WordLlama is a utility for NLP and word embedding model that recycles components from large language models (LLMs) to create efficient and compact word representations (such as GloVe, Word2Vec or FastText). WordLlama begins by extracting the token embedding codebook from a state-of-the-art LLM (e.g., LLama3 70B), and training a small context-less model in a general purpose embedding framework.

WordLlama improves on all MTEB benchmarks above word models like GloVe 300d, while being substantially smaller in size (16MB default model @ 256-dim vs >2GB).
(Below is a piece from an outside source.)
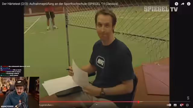 01:26:40Der Hauptinhalt des Streams ist die Live-Reaktion auf Teil zwei einer Dokumentation über die Sporthochschule. Der Streamer kommentiert die gezeigten Sportler und deren Leistungen oft humorvoll und kritisch. Er analysiert die fußballerischen Fähigkeiten der Probanden, vergleicht sie mit Profis und macht sich über verschiedene Eigenarten und den Auftritt der Teilnehmer lustig, wobei er sich selbst in die Rolle eines DFB-Trainers versetzt.

Features of WordLlama include:

  1. Matryoshka Representations: Truncate embedding dimension as needed.
  2. Low Resource Requirements: A simple token lookup with average pooling, enables this to operate fast on CPU.
  3. Binarization: Models trained using the straight through estimator can be packed to small integer arrays for even faster hamming distance calculations. (coming soon)
  4. Numpy-only inference: Lightweight and simple.

For flexibility, WordLlama employs the Matryoshka representation learning training technique. The largest model (1024-dim) can be truncated to 64, 128, 256 or 512. For binary embedding models, we implement straight-through estimators during training. For dense embeddings, 256 dimensions sufficiently captures most of the performance, while for binary embeddings validation accuracy is close to saturation at 512-dimensions (64 bytes packed).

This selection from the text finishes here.